WHAT THIS TASK INVOLVES — Retype, word for word, only the lines from the one containing "Edytor tapety: Łąka, Pastwisko, Krowy, Drzewa" through the last line of the listing below. Pictures do not belong in the result.

RECORDED DATA —
━━━━━━━━

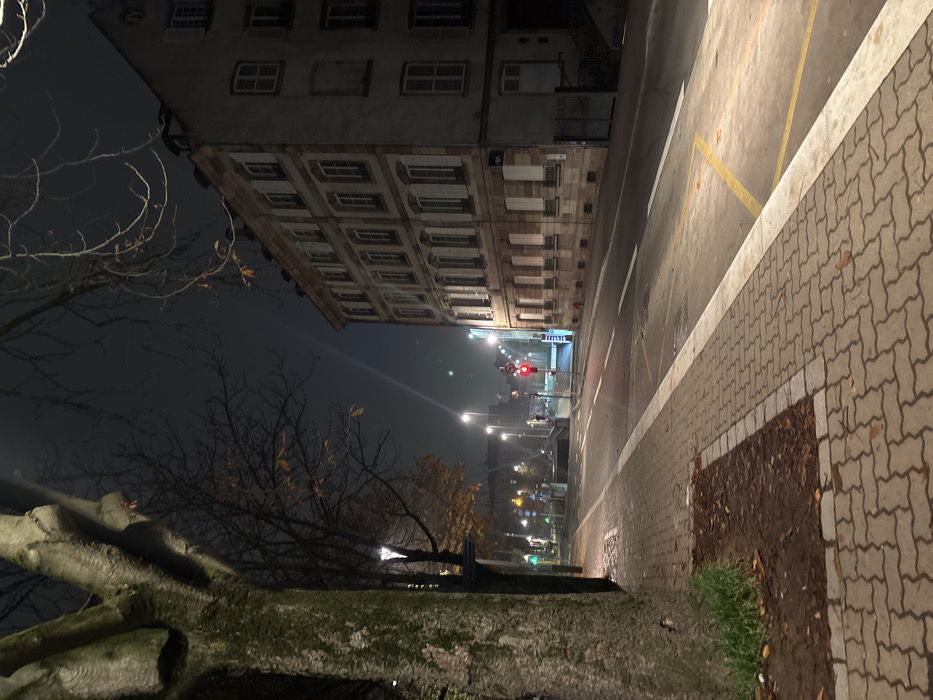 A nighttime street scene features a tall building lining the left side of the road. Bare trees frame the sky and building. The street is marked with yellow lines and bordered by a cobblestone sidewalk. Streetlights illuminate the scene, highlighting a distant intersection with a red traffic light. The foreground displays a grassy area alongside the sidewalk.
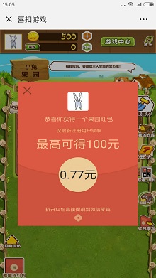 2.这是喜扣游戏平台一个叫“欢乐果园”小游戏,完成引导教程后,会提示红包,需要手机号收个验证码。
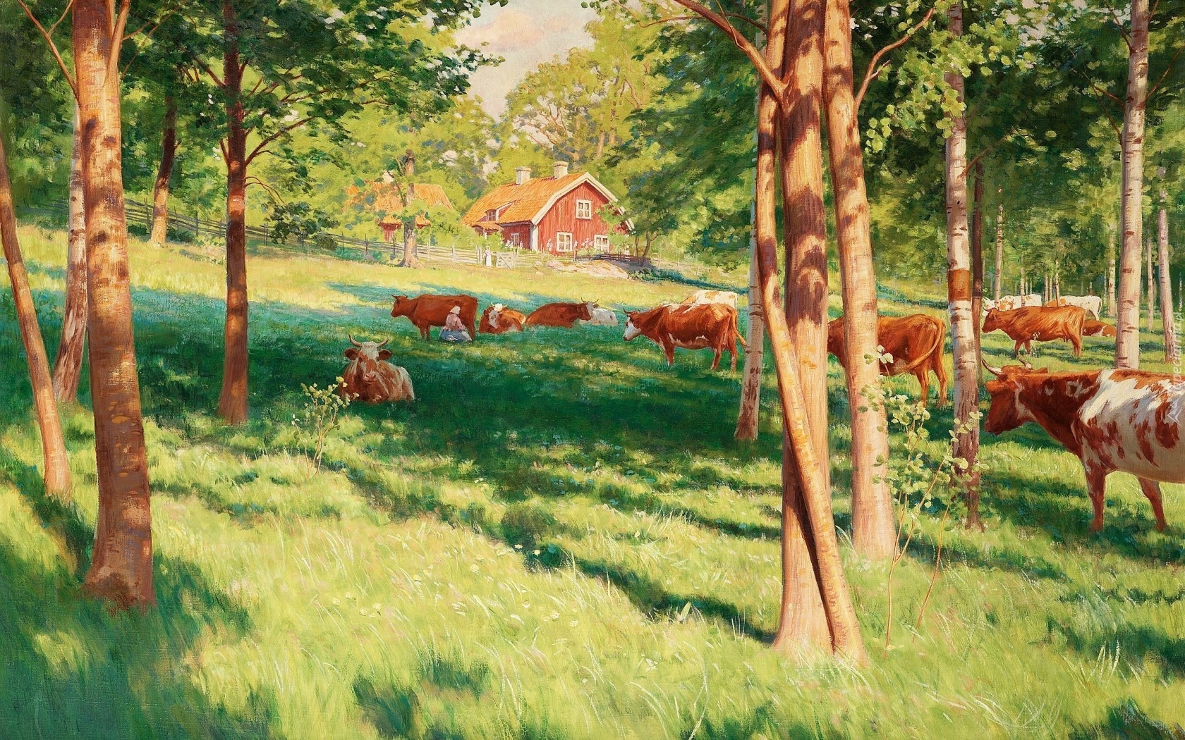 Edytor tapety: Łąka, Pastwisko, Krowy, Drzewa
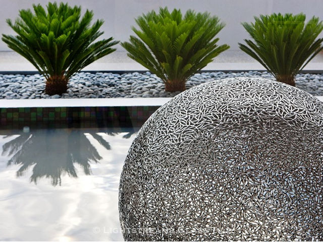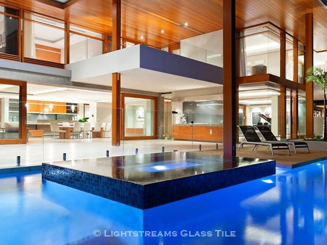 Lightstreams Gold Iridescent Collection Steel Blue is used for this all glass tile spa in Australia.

━━━━━━━━

RESPONSE TO THIS TASK —
 Edytor tapety: Łąka, Pastwisko, Krowy, Drzewa
 Lightstreams Gold Iridescent Collection Steel Blue is used for this all glass tile spa in Australia.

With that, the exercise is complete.